The practice is notice and release or notice and return. Or even notice and allow. There’s no force in any of this. It’s gentle consistency that leads to natural abidance. Keep coming back to this time after time until quite naturally you’ll find that you never leave it and you remain forever as That.


Why wish for anything past this moment? This moment is full enough. Vast and full.


Know that underneath all the “drudgery and broken dreams” is the Self. So when you find yourself broken open and cracked-up and you and your world have collapsed, there is Self.

Rest there as That.


Find the bliss of the Self. Find the source of happiness and peace inside you. Find God in your heart. And in doing so you see the sacred everywhere in everything.

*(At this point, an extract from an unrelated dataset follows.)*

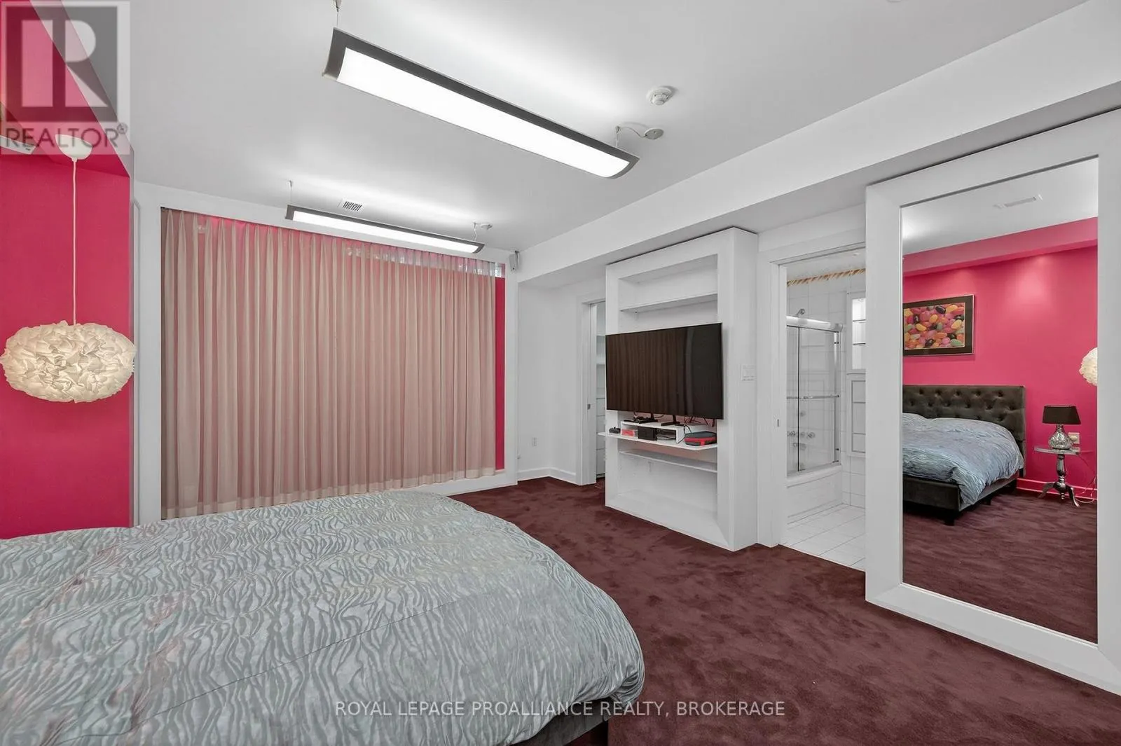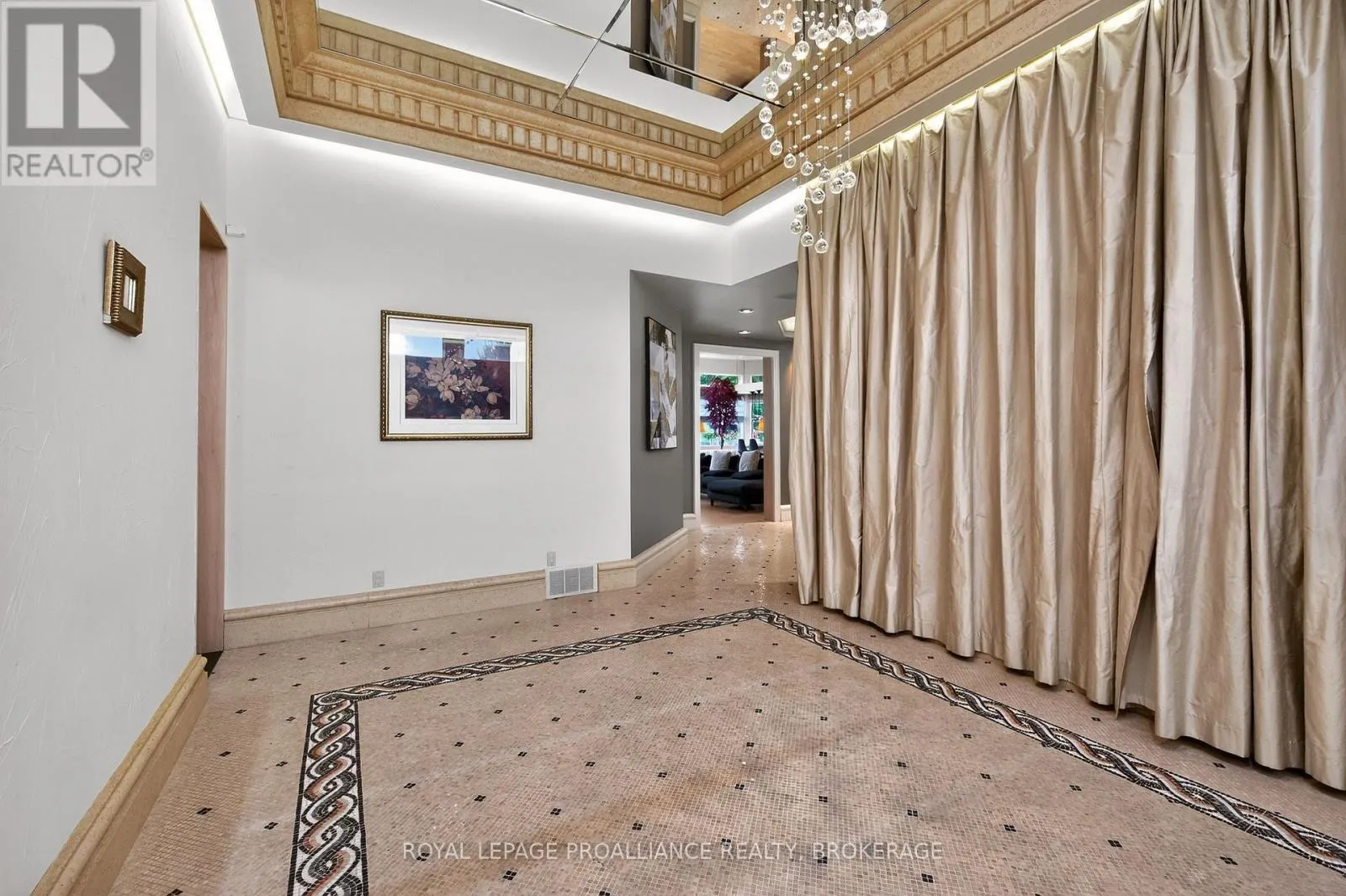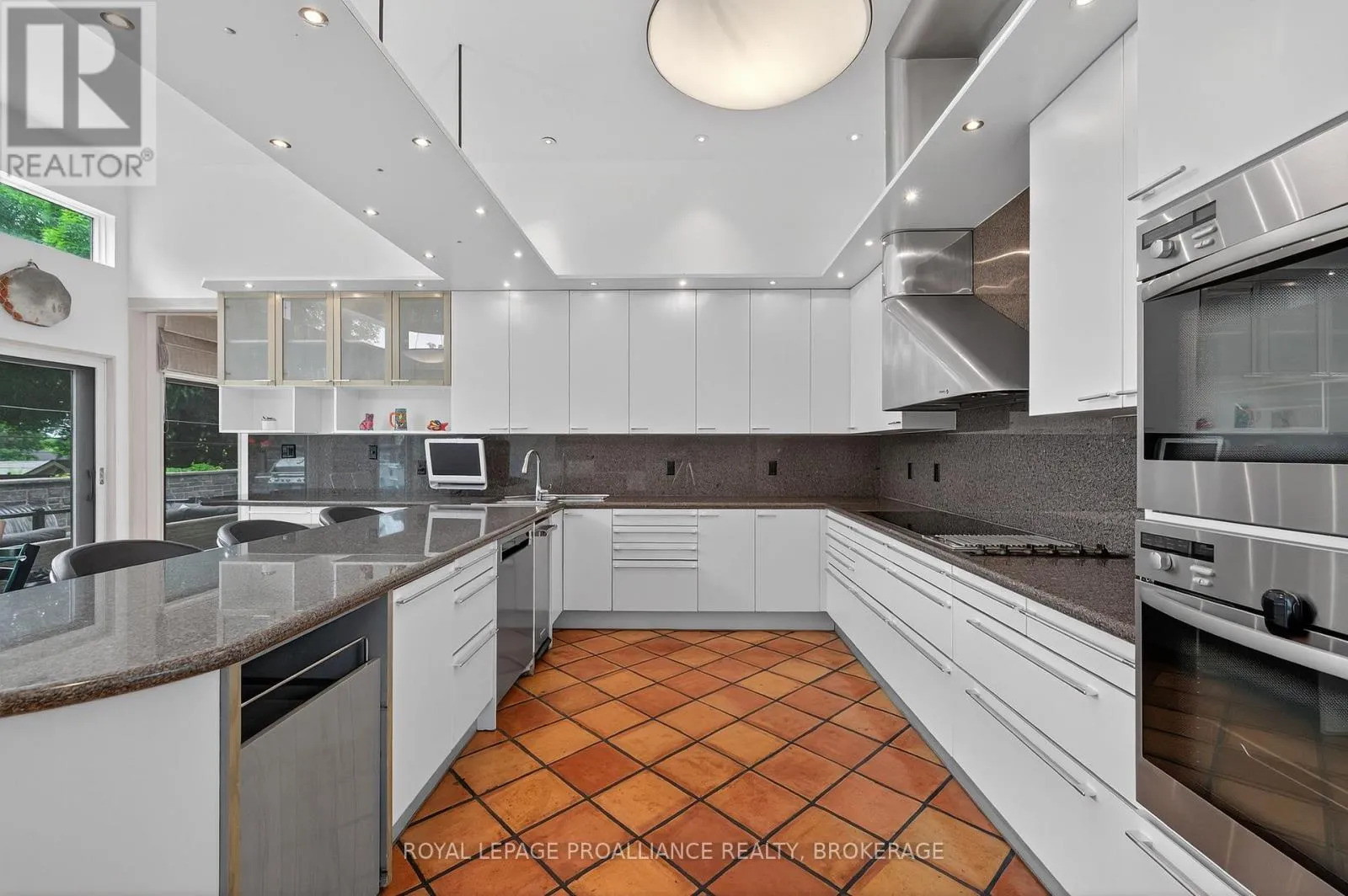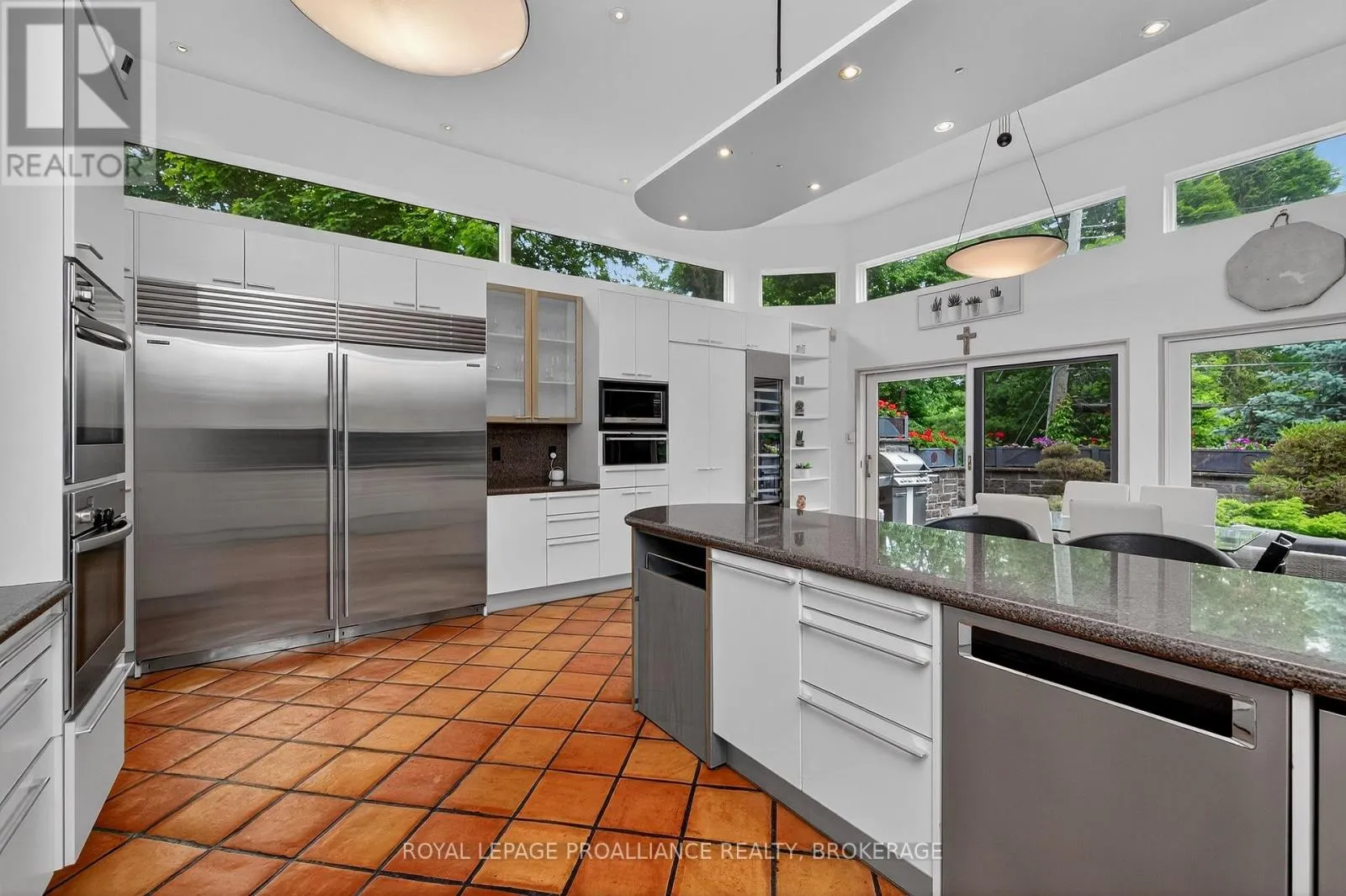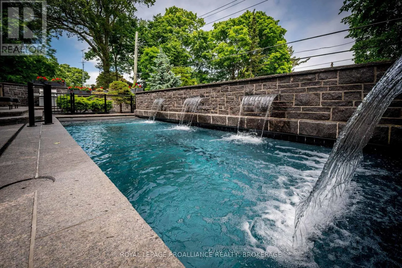 Cross Streets: Authors Lane (#3) off Dickens Drive and before Copperfield Drive. ** Directions: Johnson Street to Dickens Drive to Authors Lane (#3). A rare blend of luxury, comfort, and family-focused design-this custom-built masterpiece in Kingston's Calvin Park has it all. Located on a quiet cul-de-sac just minutes from Lake Ontario's waterfront trails, this 4+1 bedroom, 6-bath home offers over 6,000 square feet of sophisticated living, tailor-made for modern families. The striking two-tone exterior is elevated by newly refreshed stucco (2024), while the interior showcases expert craftsmanship with rich custom mouldings, elegant panel work, and impeccable finishes. The 2-car garage has been fully drywalled and painted for a clean, polished look. On the lower level you will find flexibility meets function: it features a spacious bedroom, full bath, family room, wet bar, and a comfortable area for children to play-ideal for families who need adaptable space that grows with them. Upstairs, the primary suite is a true retreat with a walk-in closet and a luxurious ensuite featuring a professionally restored marble countertop (2024). Step outside into a private backyard oasis where an inground pool with cascading waterfalls is framed by stone walls and a new safety fence. A stone patio and backyard handrail create an ideal setting for outdoor entertaining and relaxed family time. This home has been extensively updated inside and out: new pool pump and irrigation controller (2024), outdoor AC unit (2023, with warranty), dual furnace heat exchanger replacements, and a new hot water tank (2024). Smart Nest thermostats and an upgraded security system add everyday ease and peace of mind. Close to Queen's University, KGH, and vibrant downtown Kingston, this home balances thoughtful luxury with family-first comfort-an exceptional space to grow, gather, and thrive. (id:27476)
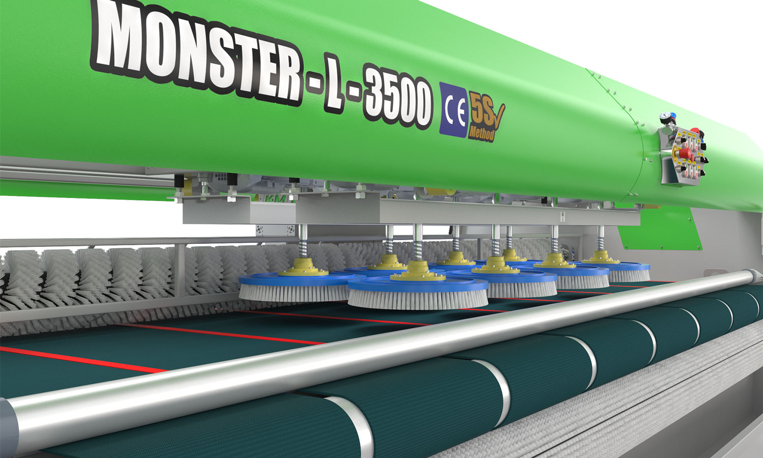 Un potente sistema de limpieza que utiliza 8 cepillos de disco (se usan reductores de alta calidad de 1 clase)

Bliss is already here. But all our habitual conditioned focus on outwardness at the expense of the living ground of our experiencing robs us of our sense of fullness and joy. We need to unlearn the habits of attention and seeking that actually lead us away from our intrinsic happiness.

Unfortunately the whole edifice of human life is constructed on the notion of filling a (mis)perceived lack in ourselves. And when push comes to shove we tend to insist on continuing forth in the outward direction on the off-chance that one day it will finally pay off. Good luck with that.

Examining the process of desiring itself is fascinating. The presence of desire offers a world of information and insight. Wanting, born of perceived lack, enacted through a proxy, is dissolved in the clarity that what we truly want is always already present. So desire is born of misperception and misapprehension.

And so we could use the presence of desire as a jumping off point to return to its source and experience its fulfilment. It’s all a question of which direction we go when faced with the arising of a desire: outwards into the field of endless seeking, or inwards to the desire’s source and thereby to its fulfilment and dissolution.

(The common objection to this way of thinking is that by not following our desires out into ‘the world’ and seeking to fulfil them that way we’ll all end up on sofas all day and nothing will ever get done. But life goes on and it’s worth making the distinction between lack-based wanting and inspired action.)


I met a guy once who cured his smoking addiction by sleeping all the time. Every time he wanted a cigarette he’d just go to bed and sleep. He did this for about two years until finally the addiction was out of his system, both body and mind.

But this demonstrated that his fervent desire didn’t need to be fulfilled and instead of giving in to its proximate fulfilment he short-circuited the whole thing by opting out of consciousness altogether until it passed.

He was certainly original.


Most people just don’t know how to sit with strong emotions or feelings without either acting-out on them, suppressing them or avoiding them by trying to change them. They don’t seem to be able or willing to just let them be present without adding to or interfering with them.